The seating arrangement under the tree reflected the hospitable and humble nature of the Malawians. They sat us on the chairs while they sat on the ground, making an arc around us. As the African proverb goes: “Wisdom is like a baobab tree; no one individual can embrace it,” we were in a communal sharing of information and knowledge.
Before starting their demonstration of Solidaridad’s applications, they asked us to introduce ourselves to the crowd. Whenever someone introduced themself, the crowd started applauding in a cheerful celebration. Then, the extension workers took turns explaining how they register the farmers, provide them with a digital ID (a QR code printout as an ID card, as simple and effective as that!), collect data about their farms, and offer them training.
In addition, the head farmers showed us how they inquire about their farms’ conditions and input data into the Apps.
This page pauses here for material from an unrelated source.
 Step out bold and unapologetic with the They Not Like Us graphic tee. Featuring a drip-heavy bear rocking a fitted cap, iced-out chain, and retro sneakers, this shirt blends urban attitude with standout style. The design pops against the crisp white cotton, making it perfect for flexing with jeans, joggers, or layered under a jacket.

After explaining the Zwardy incentive and reward scheme, the farmers lined up to display the gumboots they won by collecting points on the App through attending training and following instructions in their farming practices. These boots cost around 6 euros a pair in the market, a testament that little can make a significant difference in smallholder farmers’ lives.
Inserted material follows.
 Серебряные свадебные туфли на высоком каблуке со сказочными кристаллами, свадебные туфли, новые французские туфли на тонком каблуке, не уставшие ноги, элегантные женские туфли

The digitalisation of smallholder farming: huge opportunities, and legitimate concerns
While sitting through the farmers’ presentations on how they use the chatbot on WhatsApp to inquire about the weather, their reward points, etc., Shungu (Digital Advisor at Solidaridad) looked at me and said, “ten years ago, I would’ve never thought this could happen!” Smallholder farmers in the Global South, like the ones in the rural areas of Malawi, are increasingly using digital tools in their farming activities. They now use smartphones to get information about their fields: when is it suitable to plant, what type of seedlings is more resilient, and what fertilisers are better for their crops. It is fascinating how technology could mend the knowledge gap and create a substantial impact on peoples’ lives in a brief period.
The digitalisation of small-scale farming through data collection and analysis opens many opportunities to smallholder farmers in Africa and elsewhere. The rate of adoption of technology is increasing steadily due to the improvement of the ICT infrastructure and the race for data collection from international organisations for all sorts of applications. According to a report by the Technical Centre for Agricultural and Rural Cooperation (CTA), 390 distinct digital agricultural tools or solutions are currently deployed in Africa, 60 per cent of which were launched in the last three years. However, the biggest worry here is that farmers could end up suffering unfair treatment and adverse consequences due to the power imbalance in the global value chains, just like the way some Free Trade policies affected them negatively. As researchers and advocates for sustainability and fairness in the global value chains, we must make sure this outcome does not occur again!
A missing link…
At the end of the tree-gathering presentation, the crowd bursts into dancing. I wanted to join in, but, due to my lack of body coordination, I did not want to embarrass myself and give a bad impression of the Mauritanian people. Like our arrival, in our departure, the singing farmers accompanied us back to our bus; only this time the song had a more melancholic farewell tone.
On the way back to the capital, I kept thinking about the missing link in all of this: how can we make the situation better for these smallholder farmers? We have the knowledge, the technology, the aptitude, the finance, and the need─ what is missing?